Pour finir, l’auteur prédit que la valorisation de la RSE n’en est qu’à ses débuts car la RSE correspond à une tendance lourde, source de nombreux avantages en termes de performance globale de l’entreprise (réduction de certains coûts grâce aux économies d’énergie, amélioration de l’attractivité sociale, ouverture de nouveaux marchés, facteur de différenciation et d’amélioration de l’image). A l’inverse, un comportement socialement irresponsable expose de plus en plus l’entreprise à des sanctions sévères. D’autres auteurs explorent le lien entre marketing et RSE, notamment Swaen & Chumpitaz (2008) qui étudient l’impact de la RSE sur la confiance du consommateur. Et, comme le précisent Freeman et al.

(2010), le champ d’application le plus courant de la théorie des parties prenantes dans la littérature marketing sur la RSE est la responsabilité environnementale (p. 158). Le « green marketing » est un sujet d’étude et d’analyses très populaire (Guillon, 2004, Rivera-Camino, 2007).

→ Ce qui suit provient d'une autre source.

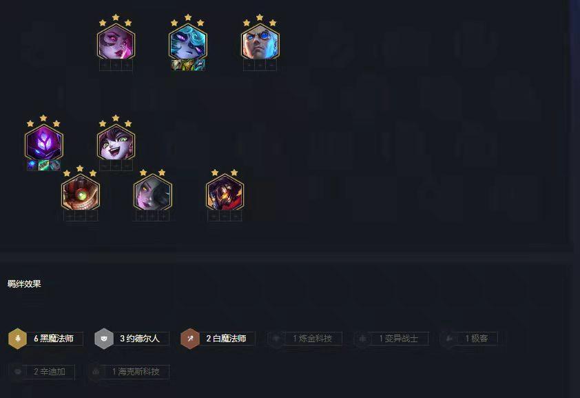 2、阵容介绍:黑白魔法师的阵容组成和搭配方式非常的多样,核心棋子也不固定,在游戏中,根据海克斯强化和装备合理的调整即可。不过这套阵容在当前版本也比较热门,如果同行太多的话,很容易被卡住,非常难受,所以想要上分的话,还是要根据局势合理的选择与调整。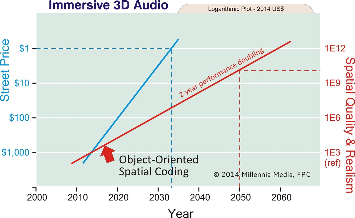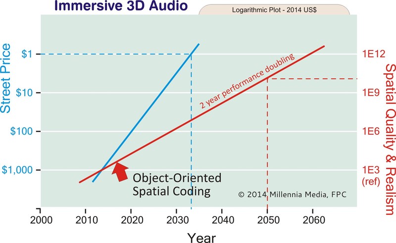 Over the next 20 to 30 years, 3D sound-field production and design will be one of the biggest growth areas in pro audio. Microphone designers, headphone makers, audio software engineers, and specialized post-production engineers will move from today's X-dot-X (5.1, etc.) paradigm to a seamlessly spherical, object-oriented sound field. If we plot a 3D audio growth chart with a two-year doubling projection, today's $1,000 3D audio solution will enjoy commodity pricing after 2025 combined with 100 times improvement in "spatial and timbral resolution experience" over headphones.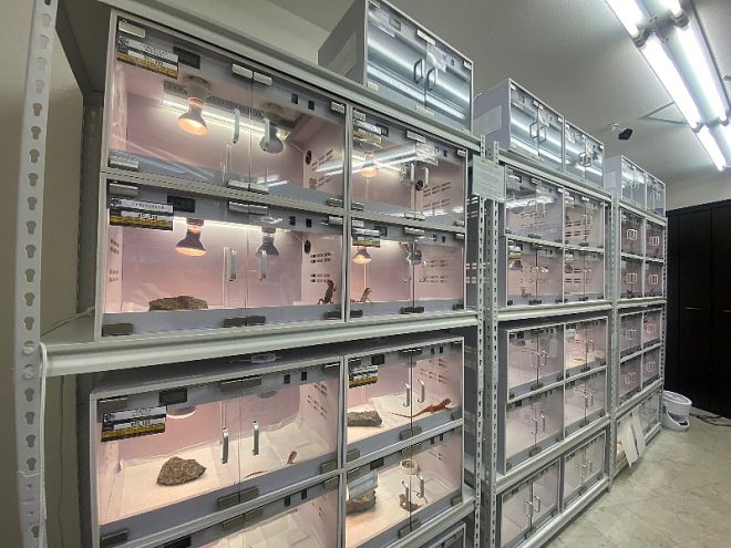メンテが行き届いた個別の飼育ケージ。決して取材があるからと、大慌てで掃除したわけではありません。「毎日いつもと変わらぬ状況です」とクールなS店長。夜行性のニシアフたちもとっても快適そう。爬虫類だからとおそるおそるケージを覗き込まないといけないダークな空気は、ここにはありません。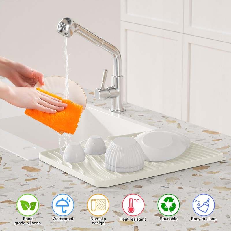 - FOOD-GRADE SILICONE MATERIAL: Made from environmentally friendly food-grade silicone, this drying mat is BPA-free, durable, soft, and easy to clean. It retains its shape and provides a hygienic surface for your dishes, ensuring a cleaner and healthier kitchen environment every time you wash up.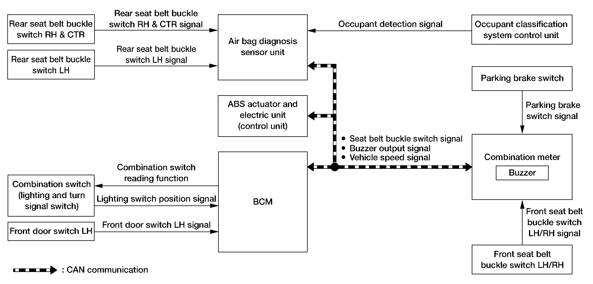 Air bag diagnosis sensor unit receives signals from the rear seat belt buckle switches, then transmits the signal to the combination meter via CAN communication.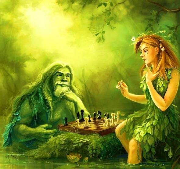 Впереди у самой кромки лесного озера движется собранная из ветвей фигура. Длинные лозы дикого винограда заменяют руки, ребра сделаны из выбеленных солнцем ветвей дуба без коры. Позвоночник — гибкая ветвь с множеством коротких сучков с сочными листками. Голова существа покрыта изумрудной травой, опускающейся, подобно водорослям, до плеч. Ноги собраны из толстых брёвен и уходят в юбку из бурого мха.

Comme nous venons de le voir, la théorie des parties prenantes est désormais mobilisée pour traiter un très grand nombre de sujets en sciences de gestion : économie, management stratégique, finance, comptabilité, management des ressources humaines, comportement organisationnel, marketing, etc. L’intérêt de la diffusion de cette approche

théorique au sein des sciences de gestion serait désormais que les différentes disciplines impliquées contribuent en retour à l’évolution de la théorie des parties prenantes. Freeman et al. (2010) identifient plusieurs pistes possibles pour de telles contributions. Ainsi les chercheurs en finance pourraient participer à l’élaboration des modèles relatifs à la maximisation de la valeur totale de l’entreprise. Les chercheurs en comportement organisationnel pourraient, quant à eux, contribuer à approfondir les recherches sur les aspects psychologiques des relations avec les parties prenantes et la manière des les gérer au mieux.

Les spécialistes du marketing sont naturellement habitués à intégrer l’environnement externe des entreprises dans leurs analyses. Leurs apports pourraient concerner la compréhension, la mesure et la modélisation des influences des parties prenantes.